En fait, j’ai commencé par faire des one man shows et puis je me suis dit que j’allais peut-être aussi essayer de faire des couillonades à la radio parce que c’est un média que j’adore. C’est le média dont je suis le plus proche depuis que je suis né : j’ai toujours écouté la radio. La télé j’aime bien, mais c’est assez rare que je trouve satisfaction dans les programmes qui existent. Je n’exclus pas de proposer un jour des choses qui pourraient me plaire à la télé mais pour l’instant c’est la radio qui me plaît le plus : c’est un bon exercice d’écriture.

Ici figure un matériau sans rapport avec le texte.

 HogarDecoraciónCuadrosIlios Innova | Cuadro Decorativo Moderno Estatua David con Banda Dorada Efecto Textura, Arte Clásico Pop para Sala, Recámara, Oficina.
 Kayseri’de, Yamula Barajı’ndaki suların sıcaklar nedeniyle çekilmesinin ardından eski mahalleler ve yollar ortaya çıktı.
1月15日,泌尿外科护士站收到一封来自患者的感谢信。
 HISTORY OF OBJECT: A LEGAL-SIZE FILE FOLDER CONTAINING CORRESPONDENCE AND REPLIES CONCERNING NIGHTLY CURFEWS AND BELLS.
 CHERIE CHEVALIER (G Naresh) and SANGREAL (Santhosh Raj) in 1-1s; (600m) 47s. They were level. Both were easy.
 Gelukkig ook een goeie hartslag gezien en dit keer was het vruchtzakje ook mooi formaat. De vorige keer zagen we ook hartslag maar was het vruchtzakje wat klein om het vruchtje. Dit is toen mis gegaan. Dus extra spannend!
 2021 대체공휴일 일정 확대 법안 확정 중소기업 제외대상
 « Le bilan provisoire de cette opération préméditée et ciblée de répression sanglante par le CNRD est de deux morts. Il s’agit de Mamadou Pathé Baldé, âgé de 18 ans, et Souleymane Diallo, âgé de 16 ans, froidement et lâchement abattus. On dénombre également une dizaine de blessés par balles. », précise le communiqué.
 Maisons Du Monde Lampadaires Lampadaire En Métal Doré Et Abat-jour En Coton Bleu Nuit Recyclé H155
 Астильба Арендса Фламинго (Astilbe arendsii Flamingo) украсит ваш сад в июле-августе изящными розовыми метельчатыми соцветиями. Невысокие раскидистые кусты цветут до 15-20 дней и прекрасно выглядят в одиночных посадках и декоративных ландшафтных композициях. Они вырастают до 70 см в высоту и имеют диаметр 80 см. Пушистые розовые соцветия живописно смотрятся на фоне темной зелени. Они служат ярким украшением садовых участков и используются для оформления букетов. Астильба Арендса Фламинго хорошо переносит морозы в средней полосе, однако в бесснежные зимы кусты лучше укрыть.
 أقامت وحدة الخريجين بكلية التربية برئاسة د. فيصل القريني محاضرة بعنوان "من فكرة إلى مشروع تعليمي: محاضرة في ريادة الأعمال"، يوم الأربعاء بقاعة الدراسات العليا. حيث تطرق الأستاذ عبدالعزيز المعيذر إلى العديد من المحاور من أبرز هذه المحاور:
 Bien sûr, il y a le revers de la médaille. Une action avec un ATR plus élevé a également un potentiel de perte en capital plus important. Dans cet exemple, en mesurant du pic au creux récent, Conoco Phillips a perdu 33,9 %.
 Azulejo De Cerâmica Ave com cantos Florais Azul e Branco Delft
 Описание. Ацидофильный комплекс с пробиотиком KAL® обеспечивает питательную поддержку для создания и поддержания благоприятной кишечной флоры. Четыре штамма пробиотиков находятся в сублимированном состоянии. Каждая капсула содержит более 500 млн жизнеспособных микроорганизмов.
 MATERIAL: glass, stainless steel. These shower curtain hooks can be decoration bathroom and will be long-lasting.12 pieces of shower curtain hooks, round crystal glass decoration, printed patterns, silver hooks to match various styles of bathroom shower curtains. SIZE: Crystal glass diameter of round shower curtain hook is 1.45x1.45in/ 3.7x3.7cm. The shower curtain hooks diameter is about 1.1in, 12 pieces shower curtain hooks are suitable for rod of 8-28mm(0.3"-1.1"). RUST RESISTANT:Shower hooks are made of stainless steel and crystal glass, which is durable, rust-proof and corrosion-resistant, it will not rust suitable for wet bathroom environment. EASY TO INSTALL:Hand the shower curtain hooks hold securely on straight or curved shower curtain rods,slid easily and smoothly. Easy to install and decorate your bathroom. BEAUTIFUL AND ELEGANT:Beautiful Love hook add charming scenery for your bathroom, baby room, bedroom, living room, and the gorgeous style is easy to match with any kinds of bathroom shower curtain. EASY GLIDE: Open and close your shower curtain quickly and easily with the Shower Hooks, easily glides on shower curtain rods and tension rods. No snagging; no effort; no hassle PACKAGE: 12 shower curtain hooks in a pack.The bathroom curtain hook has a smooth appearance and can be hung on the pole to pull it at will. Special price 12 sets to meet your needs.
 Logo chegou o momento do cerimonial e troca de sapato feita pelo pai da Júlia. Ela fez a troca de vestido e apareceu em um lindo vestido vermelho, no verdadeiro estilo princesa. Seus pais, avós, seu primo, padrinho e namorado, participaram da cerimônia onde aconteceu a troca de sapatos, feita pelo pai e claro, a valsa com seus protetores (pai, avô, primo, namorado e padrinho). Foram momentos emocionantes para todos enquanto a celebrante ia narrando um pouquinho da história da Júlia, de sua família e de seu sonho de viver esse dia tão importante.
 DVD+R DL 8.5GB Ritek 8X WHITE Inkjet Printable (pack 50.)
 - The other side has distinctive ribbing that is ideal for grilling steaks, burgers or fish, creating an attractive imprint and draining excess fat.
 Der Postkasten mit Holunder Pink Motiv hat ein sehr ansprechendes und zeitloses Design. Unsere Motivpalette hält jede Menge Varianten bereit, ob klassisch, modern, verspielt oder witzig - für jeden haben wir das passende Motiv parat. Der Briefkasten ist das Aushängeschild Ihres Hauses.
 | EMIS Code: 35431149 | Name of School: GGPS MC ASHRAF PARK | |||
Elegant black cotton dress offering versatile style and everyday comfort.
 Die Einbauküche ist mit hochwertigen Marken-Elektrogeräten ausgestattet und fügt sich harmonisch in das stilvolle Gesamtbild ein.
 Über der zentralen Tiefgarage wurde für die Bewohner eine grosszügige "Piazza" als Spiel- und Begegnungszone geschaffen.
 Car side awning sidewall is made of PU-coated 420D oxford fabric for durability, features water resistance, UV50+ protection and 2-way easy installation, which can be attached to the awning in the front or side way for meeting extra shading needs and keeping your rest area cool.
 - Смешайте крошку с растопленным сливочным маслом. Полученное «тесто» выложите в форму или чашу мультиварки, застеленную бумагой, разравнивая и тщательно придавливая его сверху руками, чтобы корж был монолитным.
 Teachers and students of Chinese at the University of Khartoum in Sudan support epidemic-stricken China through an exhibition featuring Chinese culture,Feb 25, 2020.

Donc le one man show, c’est venu avant. C’était l’idée de faire le con devant les gens et de tenter de gagner de l’argent avec ça, puisque de toute façon je passais mes journées à faire le con devant les gens…
Vous habitez en Belgique depuis près de dix ans, qu’est-ce qui vous a donné l’envie de vous établir chez nous ?
En fait, j’ai suivi ma femme qui est venue étudier en Belgique. Je venais de commencer ma carrière de one manchiste à Paris en 2004, j’ai rencontré ma femme en 2006 et en 2008 on est venu ici. En 2008, on ne peut pas dire que j’avais une carrière incroyable en France mais je n’avais pas abandonné tout espoir de la faire en Belgique. Et puis, on parle français en Belgique et si je devais jouer un spectacle à Toulouse par exemple, partir de Paris ou de Bruxelles finalement, c’était pareil.
De quoi parle ce nouveau spectacle « Français… Non peut-être ! » ?
Maintenant, quand je vais en France on m’appelle « le Belge ». Je suis obligé de justifier que je suis français et je dois le prouver. Donc l’idée, c’est de prouver que je suis français même si on voit bien que je me suis « belgifié » avec les 8 années qui sont passées. Evidemment dans ce spectacle, je dis que je suis français et je dis que la France est mieux avec une mauvaise foi bien française ! C’est une comparaison entre les choses qui sont soi-disant moins bien en Belgique, qui sont soi-disant mieux en France mais qui en réalité sont bien pires en France (rires). Je me moque un peu de la France, de moi et un peu des Belges aussi.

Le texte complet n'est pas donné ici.